• **What this task involves**
Transcribe all of the entries below exactly. Leave out the pictures.

• **Source data**
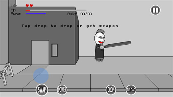 4、进入游戏后,通过在左侧屏幕移动蓝色圆圈即可操控角色行走;左上角的爱心代表当前生命值,hp经验和power力气需要一定时间恢复;底部设有快捷按键,例如点击Drop就能释放机械手中拾取的武器。
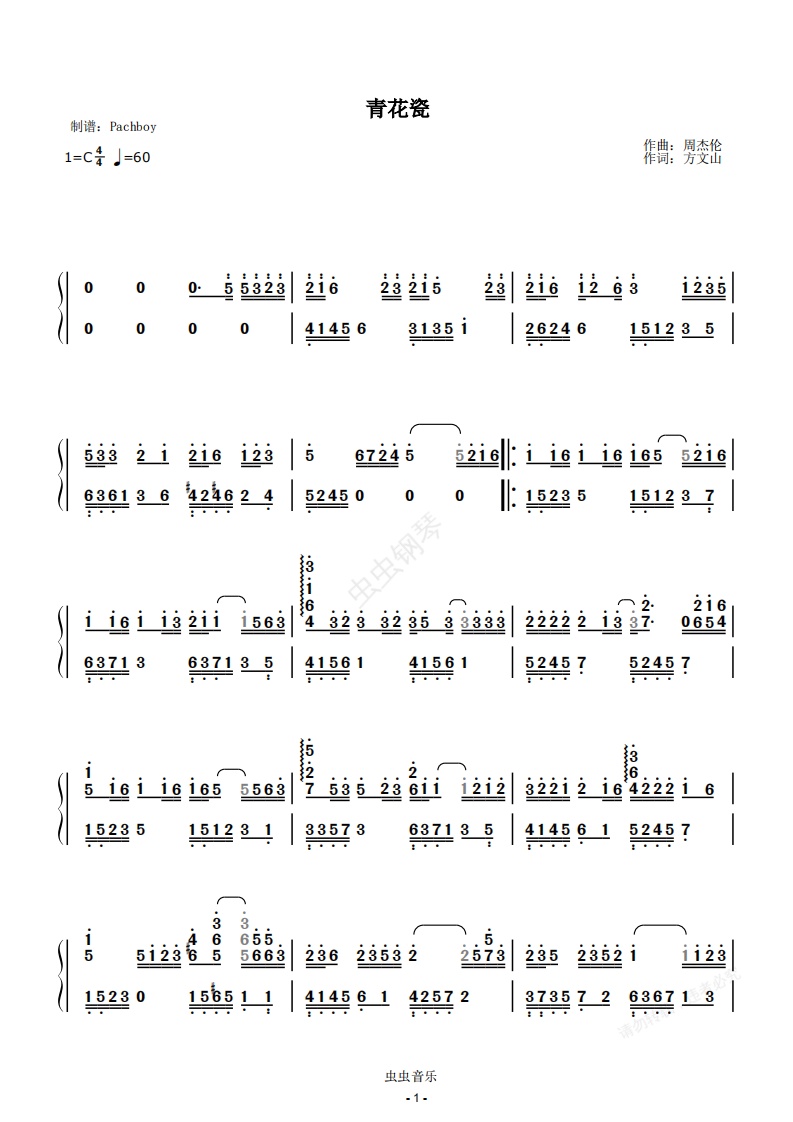 钢琴谱:青花瓷【简谱定制】周杰伦
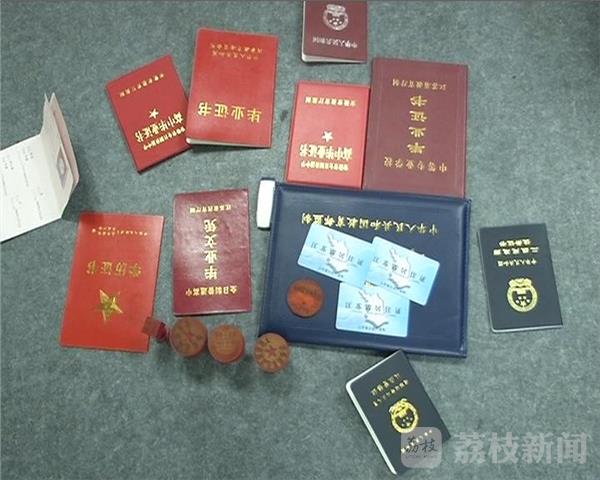近日,南京江宁警方发现辖区里办假证的小广告多了起来,经过几天的蹲守,警方发现,到处乱贴办假证小广告的是一名40多岁的女子。2月17日,女子在江宁万达广场附近约了买家交易,民警当场将她抓获。当时他们交易的是一本假的离婚证,民警随后在对嫌疑人张某住处搜查时,发现了各种假章和证件,不过并没有发现制作假证的工具。
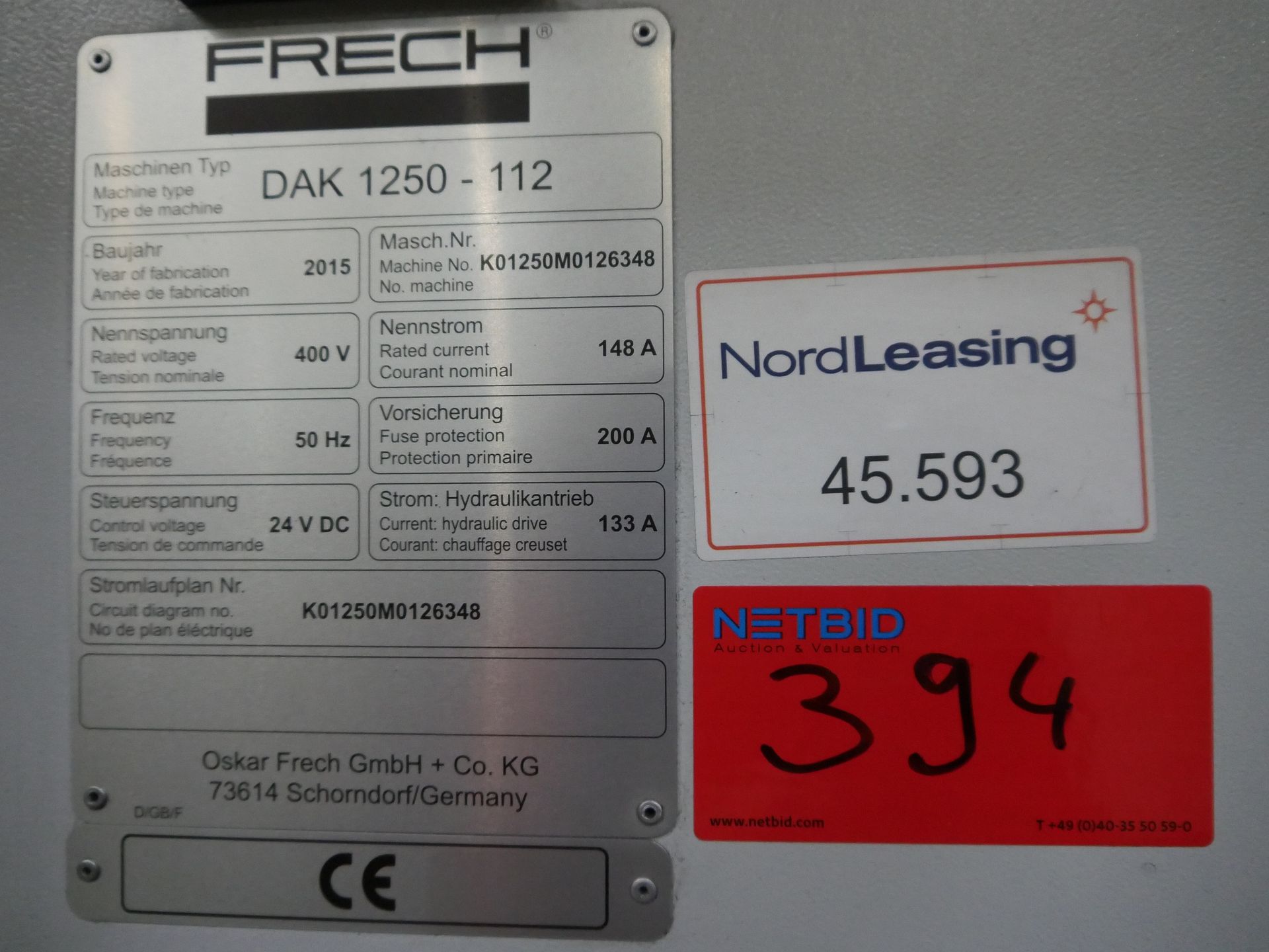 2015 Frech DAK 1250-112 Cold Chamber Die Casting Line – Complete System
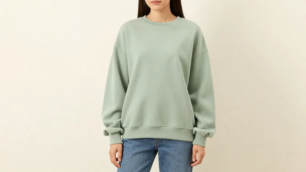 A person is centered in the frame, wearing an oversized sage green sweatshirt and blue jeans, with soft, even lighting creating gentle shadows and highlights. The neutral beige background provides a clean and unobtrusive backdrop, emphasizing the subject and their attire.
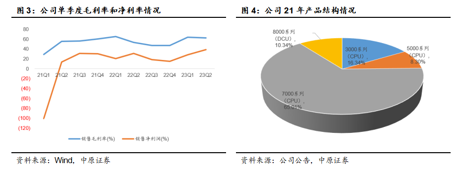 海光为国内CPU+GPGPU高端处理器领先企业,在产品性能、安全、生态方面具有较强的竞争优势,并拥有行业内优质客户。公司是少数几家同时具备高端通用处理器(CPU)和协处理器(DCU)研发能力的企业,海光DCU属于GPGPU的一种。公司的CPU和DCU产品性能优异,在国内处于领先地位,并不断提升高端处理器性能。公司高度重视处理器的安全性,通过扩充安全算法指令集及原生支持可信计算等方法,有效地提升了海光高端处理器的安全性。海光CPU兼容x86 指令集,处理器性能参数优异,支持国内外主流操作系统、数据库、虚拟化平台或云计算平台,能够有效兼容目前存在的数百万款基于x86指令集的系统软件和应用软件,具有优异的生态系统优势;海光DCU兼容“类 CUDA”环境,软硬件生态丰富。公司拥有浪潮、联想、新华三、同方等国内知名服务器厂商客户,公司高端处理器产品广泛应用于多款服务器,并已经得到了国内行业用户的高度认可。
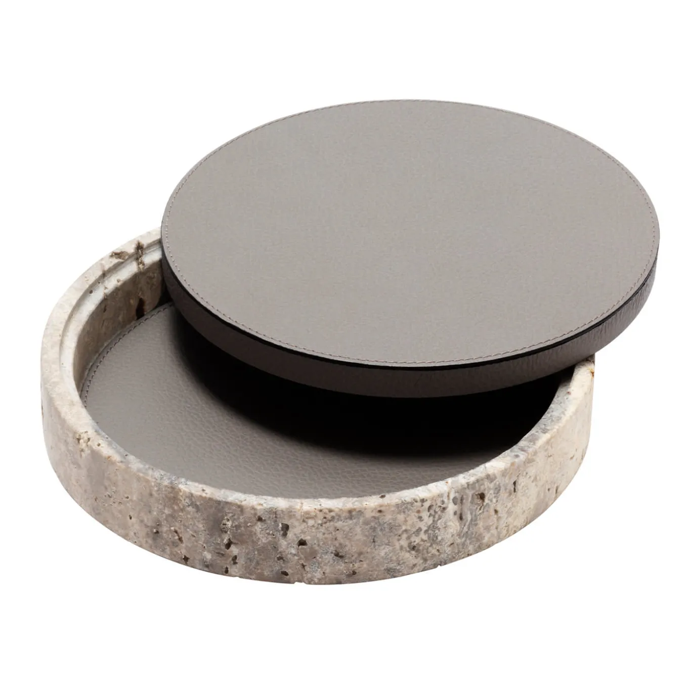 Featuring minimal geometric shapes, these boxes combine the beauty of travertine in several nuances of choice with the finest Italian leather. Custom sizes are available on request.
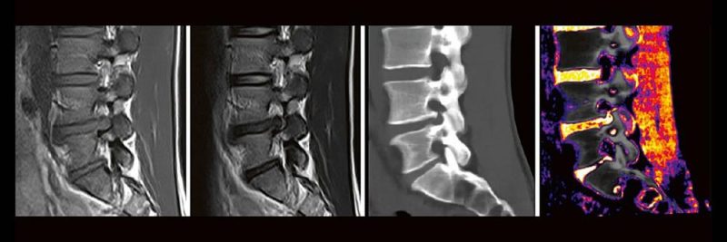 Die Dual-Energy-Computertomographie (DECT) hat für viele klinische Anwendungen bereits Einzug in die Praxis genommen. Für die Behandlung von Wirbelsäulenerkrankungen sind besonders die Darstellung von Knochenmarkveränderungen (z. B. bei osteoporotischen Frakturen) und der Bandscheibe (z. B. bei Bandscheibenvorfällen) interessant und werden intensiv beforscht. Hierdurch versprechen wir uns eine schnellere Therapie für unsere Patienten, weil viele Befund bereits in der CT erhoben werden können, die zuvor nur mit MRT sinnvoll abgebildet werden konnten. Darüber hinaus erhoffen wir uns wertvolle Zusatzinformationen bei degenerativen, traumatischen und entzündlichen Erkrankungen des Achsenskeletts.
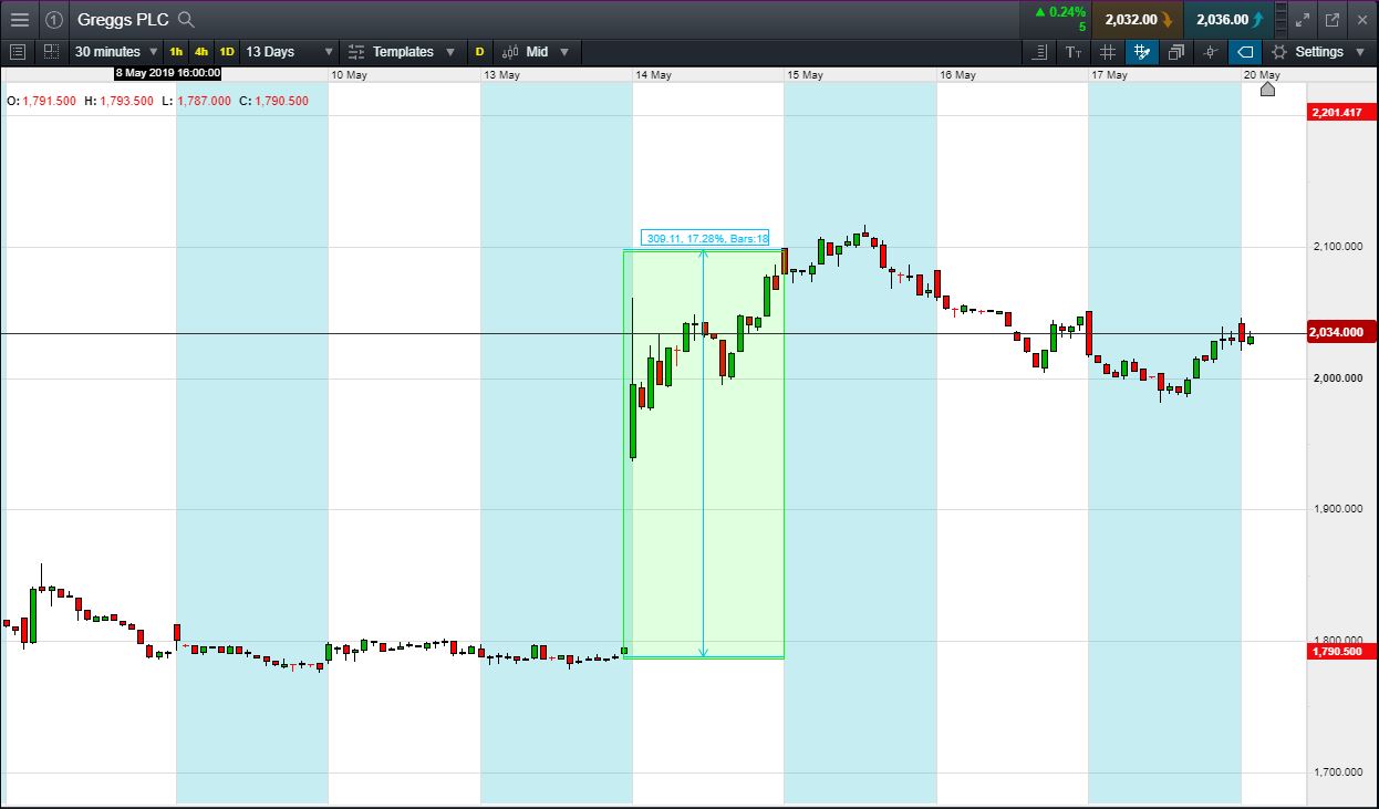 Let’s say you think that Greggs results are likely to be good, and the share price is likely to rise. You decide to buy exposure to £10,000 worth of Greggs using CFDs, at the current price of 2034p. To do this, you need £2,000.
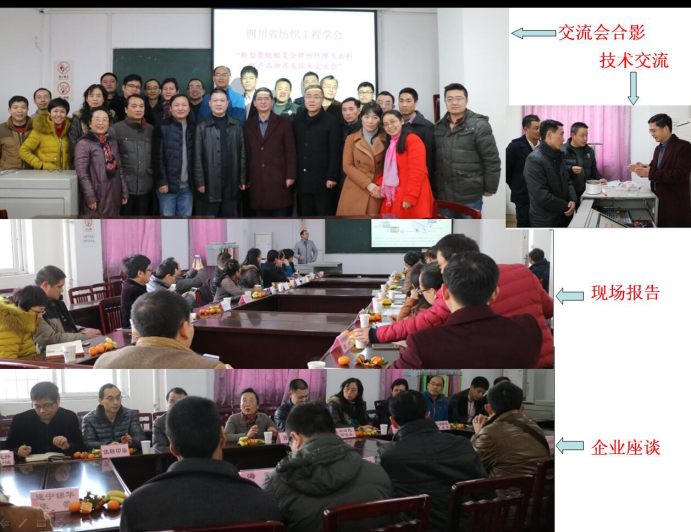 轻纺与食品学院在2016年12月27日(周二)联合主办的 “四川省纺织新产品推荐及技术交流会”在纺工楼511室顺利召开。交流会由四川省纺织工程学会张虹秘书长主持,四川省经信委轻纺处邓治永处长到会指导,包括丝丽雅、惠美、新绿洲、海蓉、遂宁锦华、天骄纺织、佳联印染、意龙印染、川棉印染、恒创、鸿兴化纤、科瑞特等川内企业以及省纺研院,省丝研院的负责人和技术主管等参会交流。
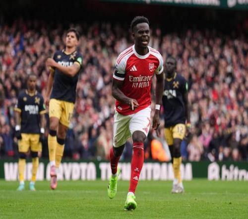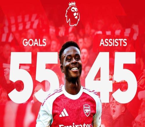 英超第7輪主場迎戰西漢姆聯的比賽中,薩卡的點球破門幫助阿森納取得2-0的領先。這個進球也讓薩卡迎來了屬于自己的里程碑時刻:自從職業生涯出道至今,他已經在英超聯賽當中貢獻了
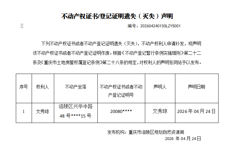 足球竞彩网 不动产遗失(灭失)公告202604240150LZYS001号
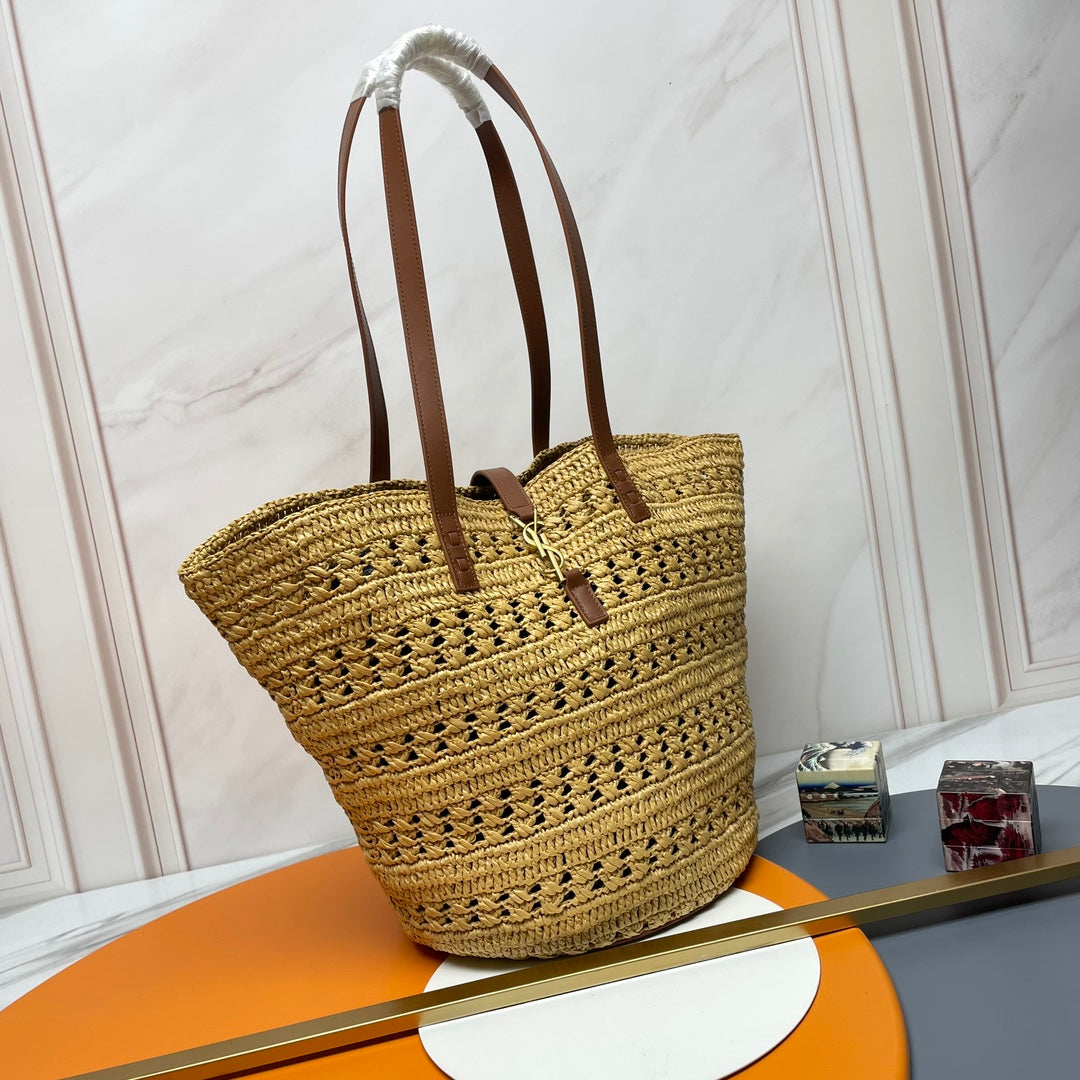 YSL MEDIUM 44CM PANIER BEIGE RAFFIA TOTE BAG

• **Expected answer**
 4、进入游戏后,通过在左侧屏幕移动蓝色圆圈即可操控角色行走;左上角的爱心代表当前生命值,hp经验和power力气需要一定时间恢复;底部设有快捷按键,例如点击Drop就能释放机械手中拾取的武器。
 钢琴谱:青花瓷【简谱定制】周杰伦
近日,南京江宁警方发现辖区里办假证的小广告多了起来,经过几天的蹲守,警方发现,到处乱贴办假证小广告的是一名40多岁的女子。2月17日,女子在江宁万达广场附近约了买家交易,民警当场将她抓获。当时他们交易的是一本假的离婚证,民警随后在对嫌疑人张某住处搜查时,发现了各种假章和证件,不过并没有发现制作假证的工具。
 2015 Frech DAK 1250-112 Cold Chamber Die Casting Line – Complete System
 A person is centered in the frame, wearing an oversized sage green sweatshirt and blue jeans, with soft, even lighting creating gentle shadows and highlights. The neutral beige background provides a clean and unobtrusive backdrop, emphasizing the subject and their attire.
 海光为国内CPU+GPGPU高端处理器领先企业,在产品性能、安全、生态方面具有较强的竞争优势,并拥有行业内优质客户。公司是少数几家同时具备高端通用处理器(CPU)和协处理器(DCU)研发能力的企业,海光DCU属于GPGPU的一种。公司的CPU和DCU产品性能优异,在国内处于领先地位,并不断提升高端处理器性能。公司高度重视处理器的安全性,通过扩充安全算法指令集及原生支持可信计算等方法,有效地提升了海光高端处理器的安全性。海光CPU兼容x86 指令集,处理器性能参数优异,支持国内外主流操作系统、数据库、虚拟化平台或云计算平台,能够有效兼容目前存在的数百万款基于x86指令集的系统软件和应用软件,具有优异的生态系统优势;海光DCU兼容“类 CUDA”环境,软硬件生态丰富。公司拥有浪潮、联想、新华三、同方等国内知名服务器厂商客户,公司高端处理器产品广泛应用于多款服务器,并已经得到了国内行业用户的高度认可。
 Featuring minimal geometric shapes, these boxes combine the beauty of travertine in several nuances of choice with the finest Italian leather. Custom sizes are available on request.
 Die Dual-Energy-Computertomographie (DECT) hat für viele klinische Anwendungen bereits Einzug in die Praxis genommen. Für die Behandlung von Wirbelsäulenerkrankungen sind besonders die Darstellung von Knochenmarkveränderungen (z. B. bei osteoporotischen Frakturen) und der Bandscheibe (z. B. bei Bandscheibenvorfällen) interessant und werden intensiv beforscht. Hierdurch versprechen wir uns eine schnellere Therapie für unsere Patienten, weil viele Befund bereits in der CT erhoben werden können, die zuvor nur mit MRT sinnvoll abgebildet werden konnten. Darüber hinaus erhoffen wir uns wertvolle Zusatzinformationen bei degenerativen, traumatischen und entzündlichen Erkrankungen des Achsenskeletts.
 Let’s say you think that Greggs results are likely to be good, and the share price is likely to rise. You decide to buy exposure to £10,000 worth of Greggs using CFDs, at the current price of 2034p. To do this, you need £2,000.
 轻纺与食品学院在2016年12月27日(周二)联合主办的 “四川省纺织新产品推荐及技术交流会”在纺工楼511室顺利召开。交流会由四川省纺织工程学会张虹秘书长主持,四川省经信委轻纺处邓治永处长到会指导,包括丝丽雅、惠美、新绿洲、海蓉、遂宁锦华、天骄纺织、佳联印染、意龙印染、川棉印染、恒创、鸿兴化纤、科瑞特等川内企业以及省纺研院,省丝研院的负责人和技术主管等参会交流。
 英超第7輪主場迎戰西漢姆聯的比賽中,薩卡的點球破門幫助阿森納取得2-0的領先。這個進球也讓薩卡迎來了屬于自己的里程碑時刻:自從職業生涯出道至今,他已經在英超聯賽當中貢獻了
 足球竞彩网 不动产遗失(灭失)公告202604240150LZYS001号
 YSL MEDIUM 44CM PANIER BEIGE RAFFIA TOTE BAG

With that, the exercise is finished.